Records from a data collection:
____

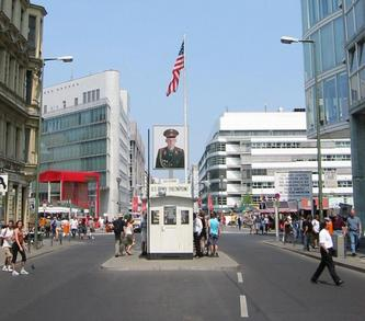 The Checkpoint Charlie Memorial Site in Berlin, 2003
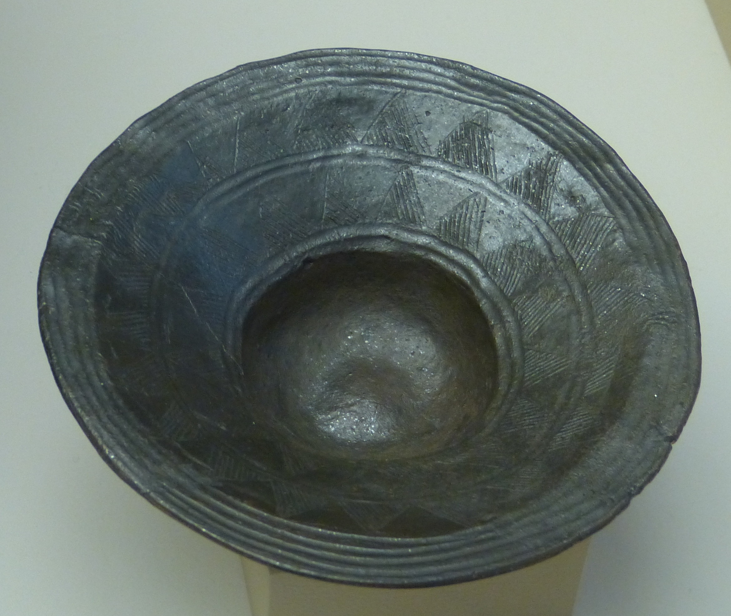 Straubing ( Lower Bavaria ). Gäubodenmuseum: Urnfield culture pottery from grave 6 in Straubing - Im Königreich.
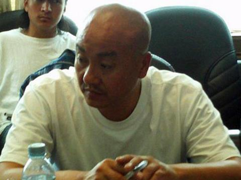 Targyal
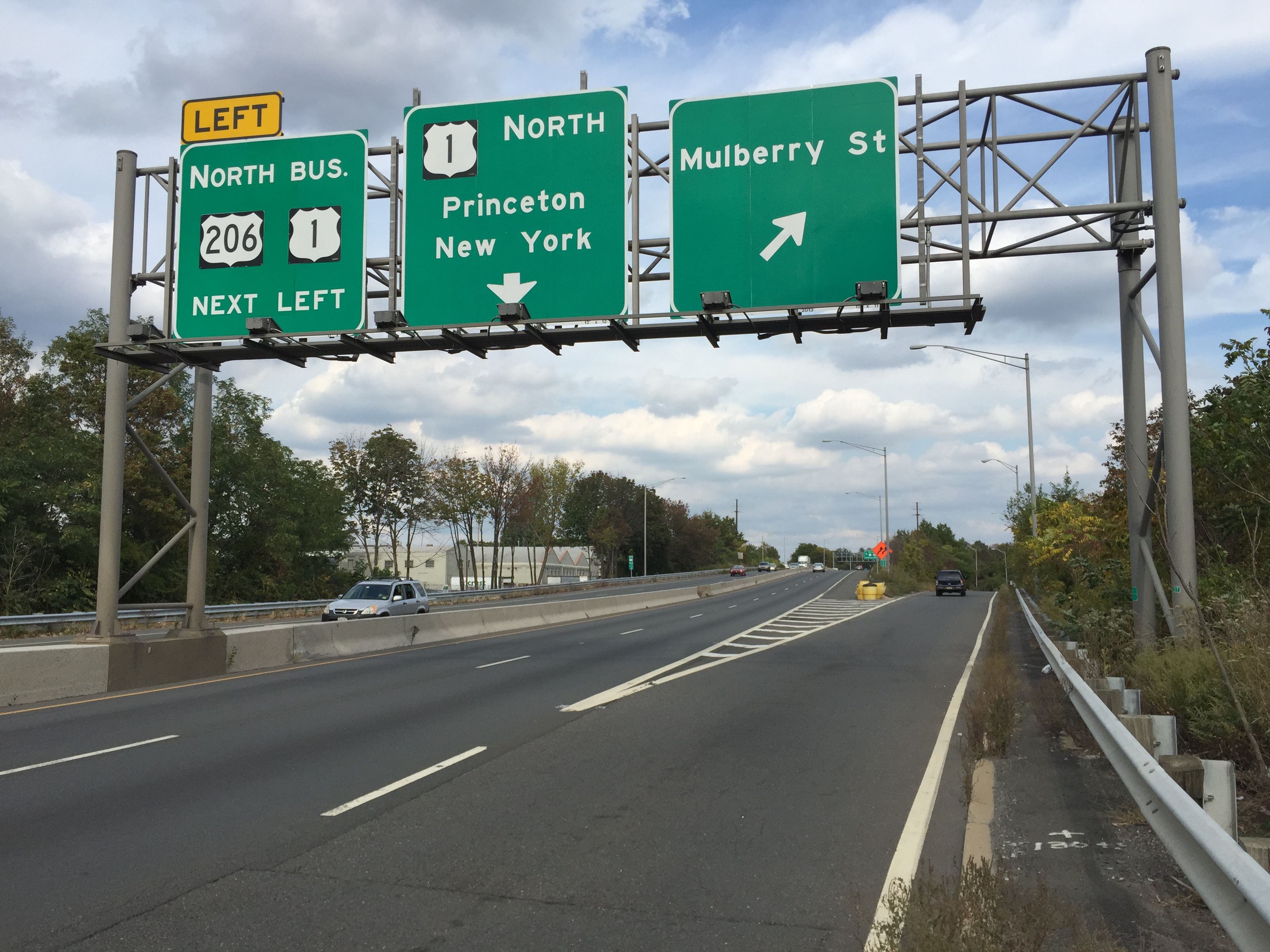 View north along U.S. Route 1 (Trenton Freeway) at the exit for Mulberry Street in Trenton City, Mercer County, New Jersey
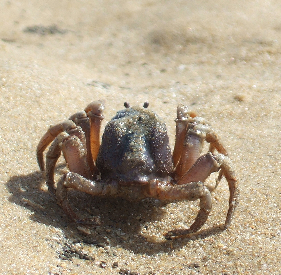 A crab found in Croajingolong National Park. Someone told me it was a "soldier crab".
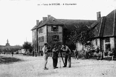 Bitche instruction
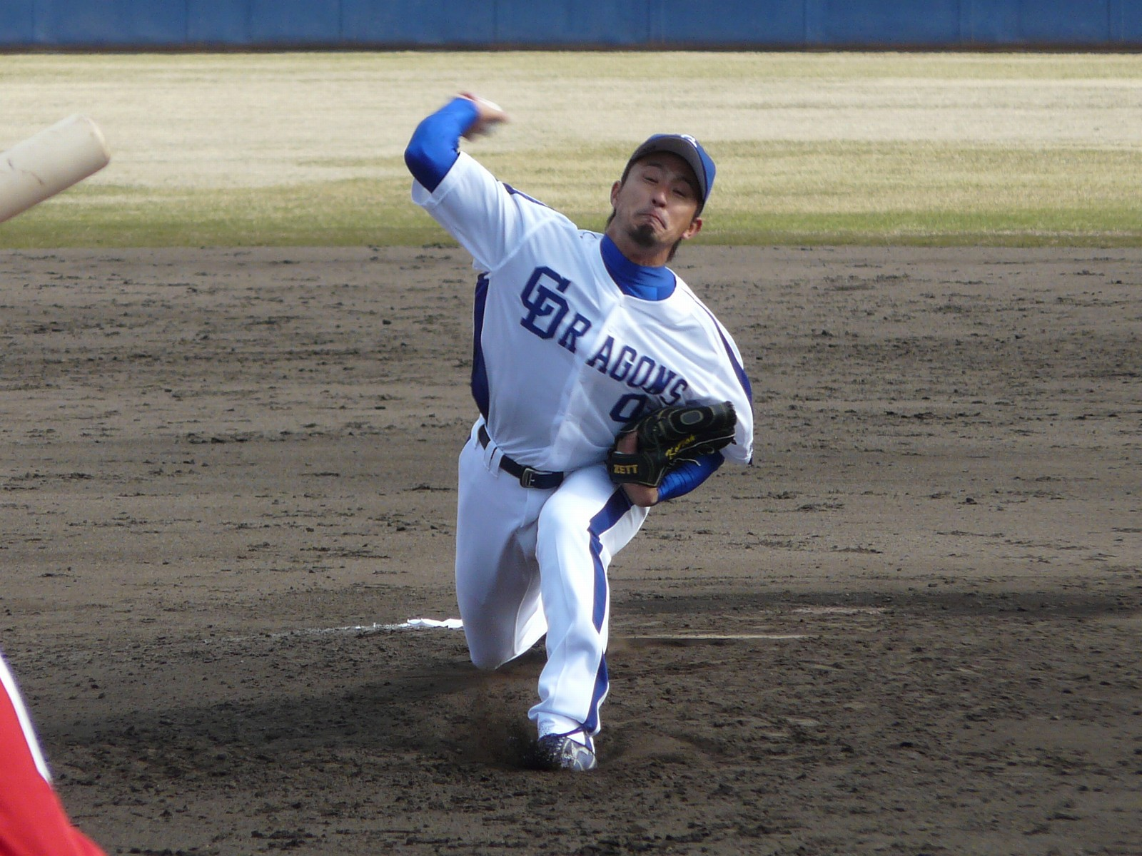 Chunichi Dragons/Hiroki Kongo
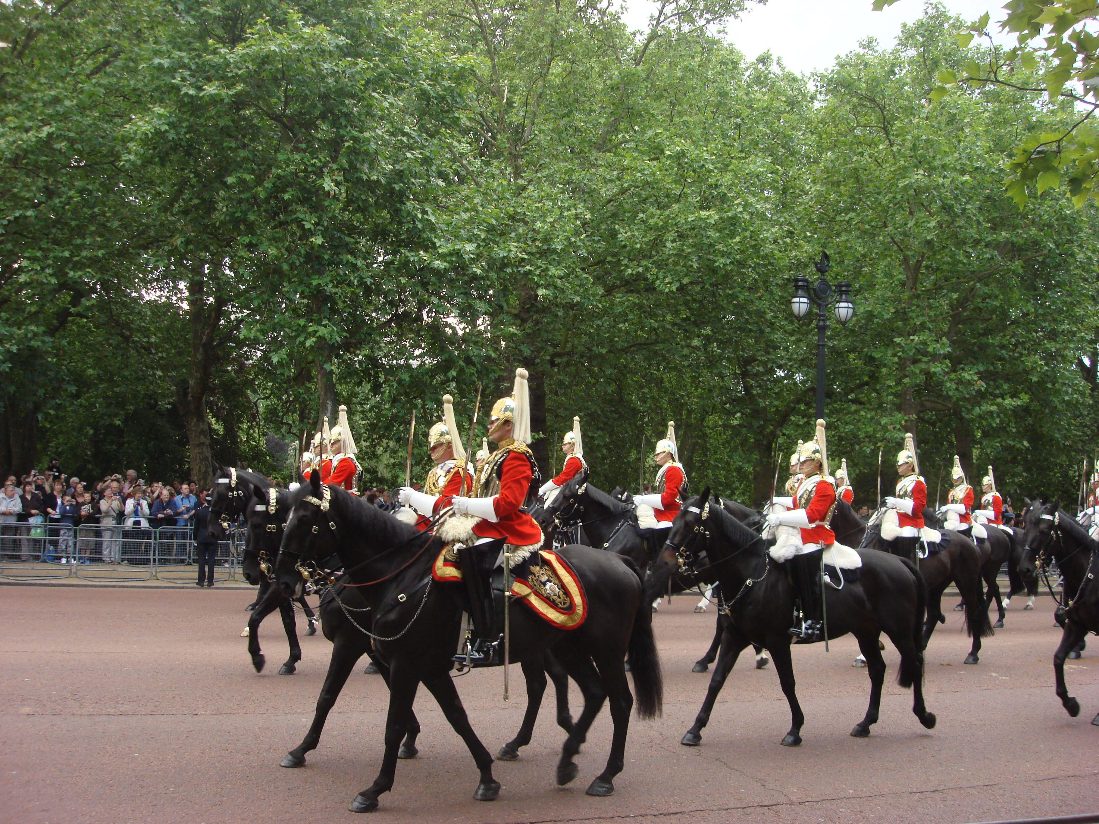 Trooping the Colour 2009
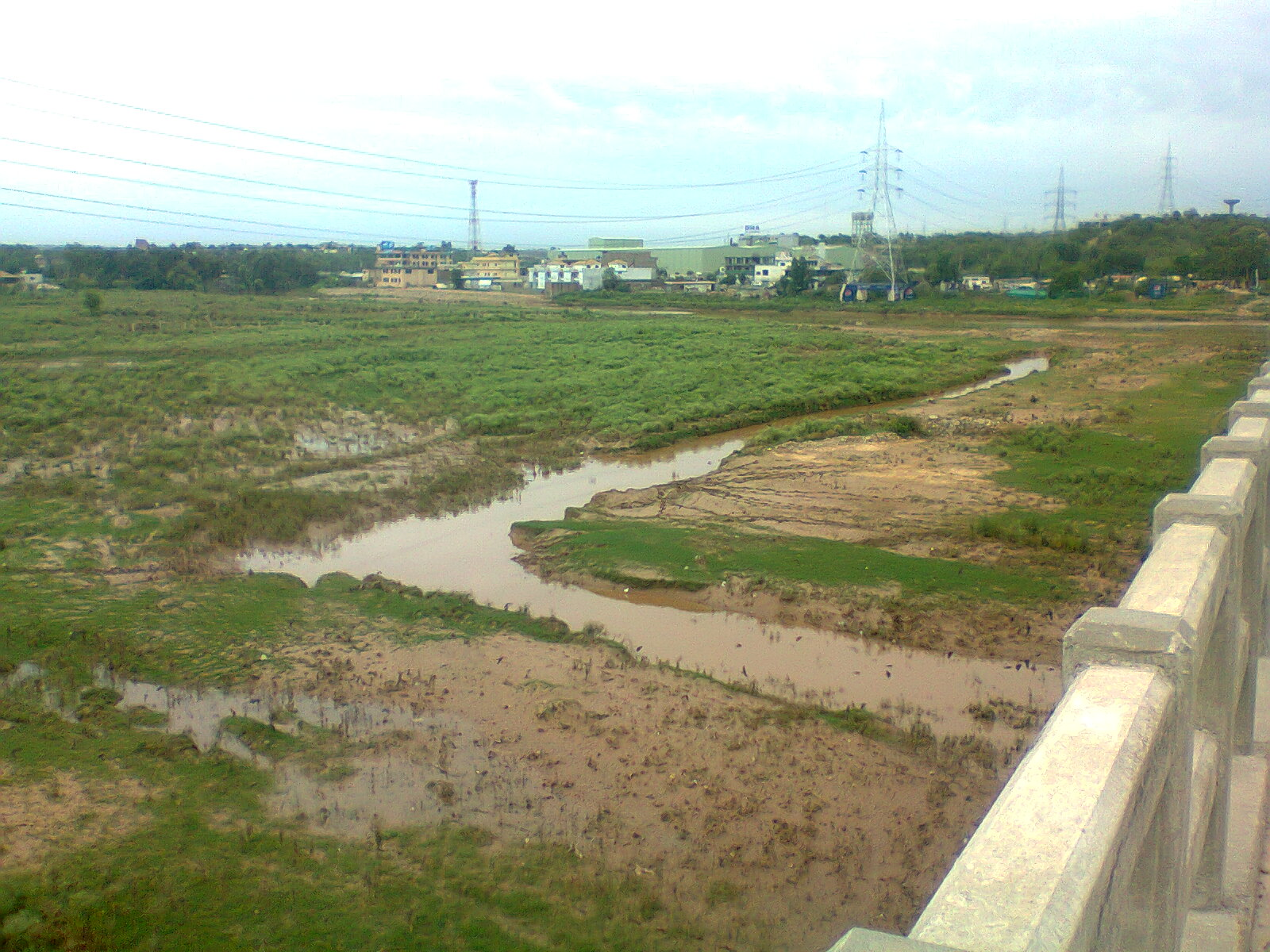 Soan river flood at the Kak Pul (bridge), Gagri, Pakistan
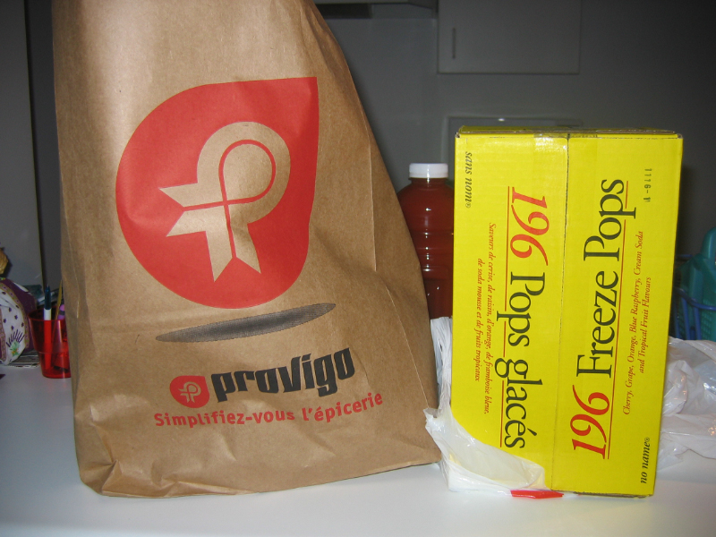 Older logo of Provigo grocery stores (Quebec)
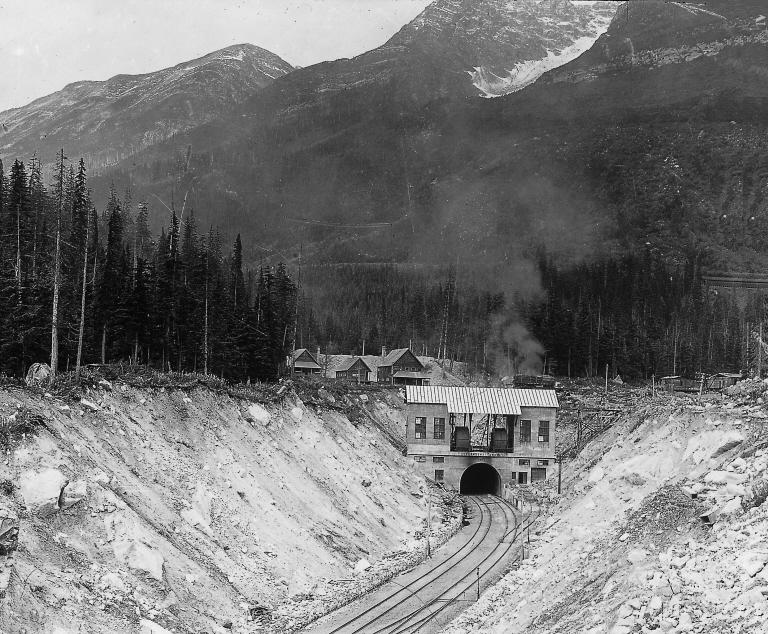 Canadian Pacific Railway's Connaught Tunnel, BC, (west portal), about 1918 Anonyme - Anonymous About 1918, 20th century Silver salts on glass - Gelatin dry plate process 8 x 10 cm
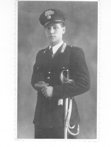 Antonio Pozzi
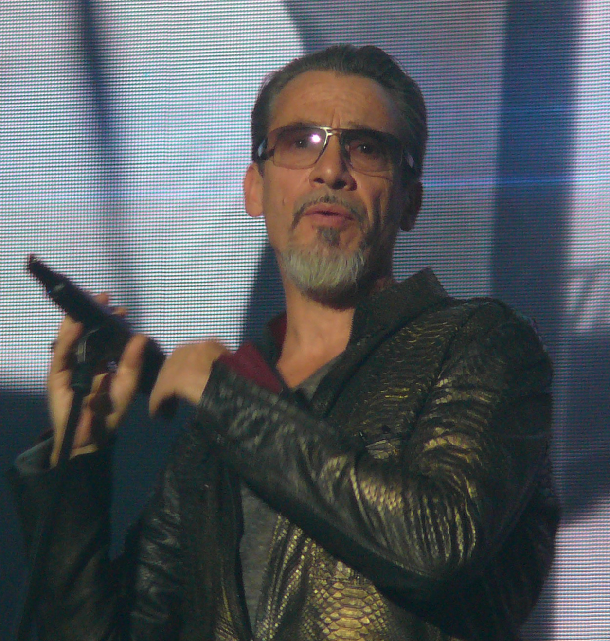 Singer Florent Pagny in concert at Forest National, in Brussels, in Belgium, in 2017, during his 55 tour
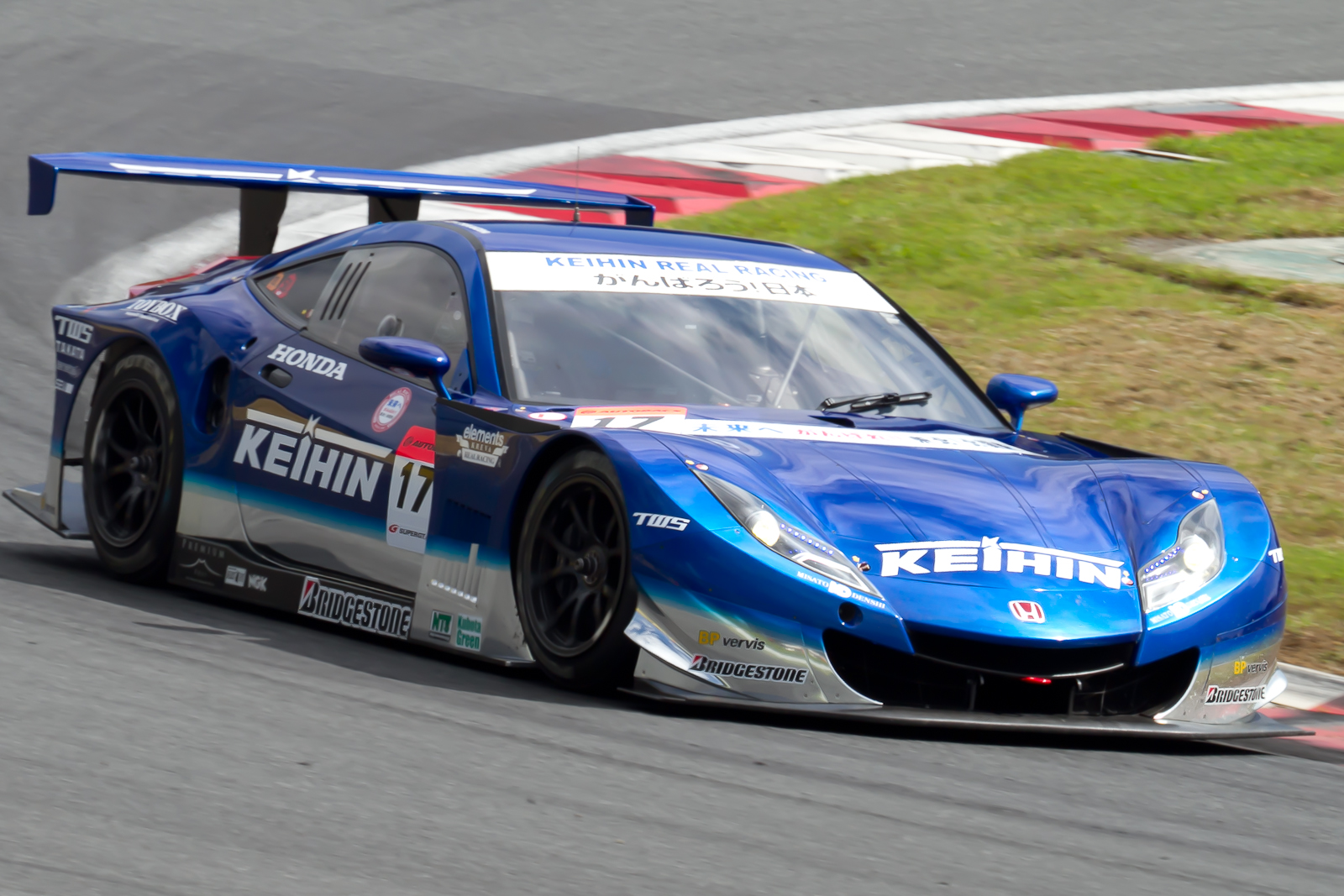 Super GT 2011 Rd.6 Fuji GT 250km: Ryo Michigami (Keihin Real Racing) driving the Honda HSV-010 GT.

____

▶ _PROBLEM DESCRIPTION_: Your answer must be the records above, word for word, with every picture left out.

▶ _OUTPUT OF THE TASK_:
 The Checkpoint Charlie Memorial Site in Berlin, 2003
 Straubing ( Lower Bavaria ). Gäubodenmuseum: Urnfield culture pottery from grave 6 in Straubing - Im Königreich.
 Targyal
 View north along U.S. Route 1 (Trenton Freeway) at the exit for Mulberry Street in Trenton City, Mercer County, New Jersey
 A crab found in Croajingolong National Park. Someone told me it was a "soldier crab".
 Bitche instruction
 Chunichi Dragons/Hiroki Kongo
 Trooping the Colour 2009
 Soan river flood at the Kak Pul (bridge), Gagri, Pakistan
 Older logo of Provigo grocery stores (Quebec)
 Canadian Pacific Railway's Connaught Tunnel, BC, (west portal), about 1918 Anonyme - Anonymous About 1918, 20th century Silver salts on glass - Gelatin dry plate process 8 x 10 cm
 Antonio Pozzi
 Singer Florent Pagny in concert at Forest National, in Brussels, in Belgium, in 2017, during his 55 tour
 Super GT 2011 Rd.6 Fuji GT 250km: Ryo Michigami (Keihin Real Racing) driving the Honda HSV-010 GT.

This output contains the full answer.